**Directions for this task**. Taking the line with "A fish rests" as the first and the line with "2020年新款现代轻奢双人床主卧皮床18米真皮床软包皮艺床" as the last, set down exactly every line in that range from the entries below, and no more.

**Data for this task**.
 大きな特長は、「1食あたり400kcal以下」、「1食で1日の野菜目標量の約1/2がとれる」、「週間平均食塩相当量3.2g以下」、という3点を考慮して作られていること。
---
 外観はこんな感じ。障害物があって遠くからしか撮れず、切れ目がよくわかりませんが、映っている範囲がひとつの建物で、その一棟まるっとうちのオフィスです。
...
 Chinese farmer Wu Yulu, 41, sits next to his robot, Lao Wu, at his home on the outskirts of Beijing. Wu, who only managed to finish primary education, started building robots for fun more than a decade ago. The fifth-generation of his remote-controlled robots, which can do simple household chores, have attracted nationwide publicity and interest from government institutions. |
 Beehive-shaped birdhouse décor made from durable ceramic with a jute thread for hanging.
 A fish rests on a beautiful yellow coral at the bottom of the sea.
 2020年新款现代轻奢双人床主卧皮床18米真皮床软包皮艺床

**Result of the task**.
 A fish rests on a beautiful yellow coral at the bottom of the sea.
 2020年新款现代轻奢双人床主卧皮床18米真皮床软包皮艺床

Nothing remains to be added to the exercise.